Even with all this in place though, you won't find Veloster ownership figuring too highly on the wishlists of trackday enthusiasts. Typical buyers of this car are people more likely to find tyre-smoking tiresome and therefore people for whom less will probably be more when it comes to this Hyundai. They'll like the well-judged ride. They'll appreciate the excellent refinement.
Design and Build
This, we're told, is 'the next evolution of Hyundai's design language'. They call it 'Fluidic Sculpture' and if this really is the way it's going, then future models really are going to look very dramatic indeed. Everywhere on this Veloster, you'll find signs of styling flourish - a grille here, a slash there, with lines, curves, cutaways and slopes busily converging into a surprisingly cohesive end result. From every angle this car seems different.
Ultimately though, it is of course the doors that define this design. We're talking pure sports coupe here on the driver's side. As, at first glance, you might think is also the case when you walk around to the opposite flank of the car. But a closer look reveals this '2+1' design's cleverness. On this side, rather than one long driver's door, you've two shorter ones separated by a central pillar, with the handle for the rear opening artfully disguised in the window frame. Only the MINI Clubman estate has tried this kind of layout before, but with that car, the extra rear door opens behind the driver out into the road.
Market and Model
Once you've properly specified your Veloster turbo, then you'll probably looking at around £25,000 depending on the spec combination you choose. With this in mind, it'll help that this car is very well equipped. Expect to find smart alloy wheels, front fog lamps, LED daytime running lights, auto headlamps, reverse parking sensors, a 7-inch TFT colour touchscreen that can play games from consoles and films from smartphones, a Bluetooth system with voice recognition, a decent quality USB and MP3-compatible stereo with wheel-mounted controls and an aux-in point and climate control. Top models also get larger alloys, black leather trim with heated front seats, cruise control, keyless entry and a large panoramic glass sunroof that looks good but will rob taller drivers of a bit of headroom.
Cost of Ownership
The Veloster's excellent value for money is compounded by some very respectable cost of ownership figures, day to day running costs kept pretty well in check, with the manual model returning a combined fuel economy figure of 35-40mpg and a CO2 return of just over 150g/km. A gearshift change indicator on the dash should help owners get somewhere near these kinds of figures on an ordinary day-to-day basis.

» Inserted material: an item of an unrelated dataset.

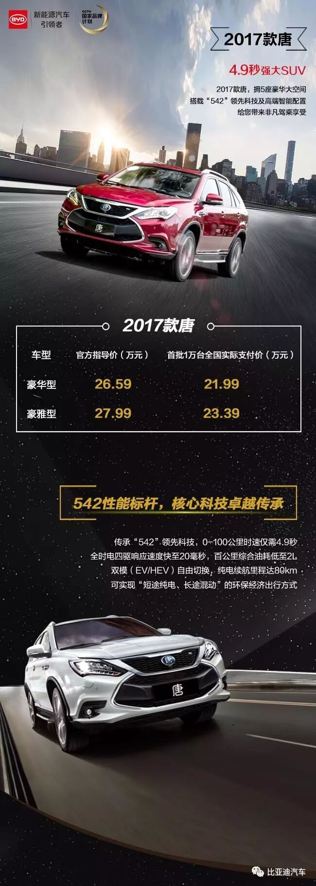 6月3日,比亞迪2017款唐在深港澳車展上市,“王朝”車系再添得力戰(zhàn)將!本次共推出全時(shí)四驅(qū)豪華型、全時(shí)四驅(qū)豪雅型兩款車型,官方指導(dǎo)價(jià)26.59萬元—27.99萬元。在享受3.6萬元政策支持(含國(guó)補(bǔ)、地補(bǔ)、比亞迪電動(dòng)未來基金)以及*高可節(jié)省約2.5萬元購(gòu)置稅、車船稅等后,比亞迪還額外給予首批1萬名用戶各1萬元的電費(fèi)。首批1萬臺(tái)2017款唐全國(guó)實(shí)際支付價(jià)為21.99-23.39萬元。

That's not the end of it. Excellent safety and security ratings and a modest cost of repair has seen the Veloster achieve an affordable insurance rating that'll be on a par with mainstream rivals.
The brand's 'Five Year Triple Care' scheme means you'll get an unlimited mileage warranty, five years of roadside assistance and an annual health check for your car from your dealer.
Some cars offer a very straightforward customer proposition. The Veloster isn't one of them. You'll see it being compared to sports coupes like the Volkswagen Scirocco or the Peugeot RCZ but in reality it's nothing like them. What it does offer is a car for the person who maybe has a young family but isn't ready for the vanilla image of a five-door family hatch just yet. Or for a coupe customer more interested in style and practicality than driving on door handles.
Both types of buyers should like this Hyundai very much. The price is right, it's got a great safety record, it's absolutely packed with standard equipment and it looks anything but run of the mill.
Enthusiasts might not be quite so keen but even they should find the Turbo version of this model a fun steer. Choose it and you'll be rewarded by a genuinely interesting machine with a lot more substance than its extrovert styling might suggest.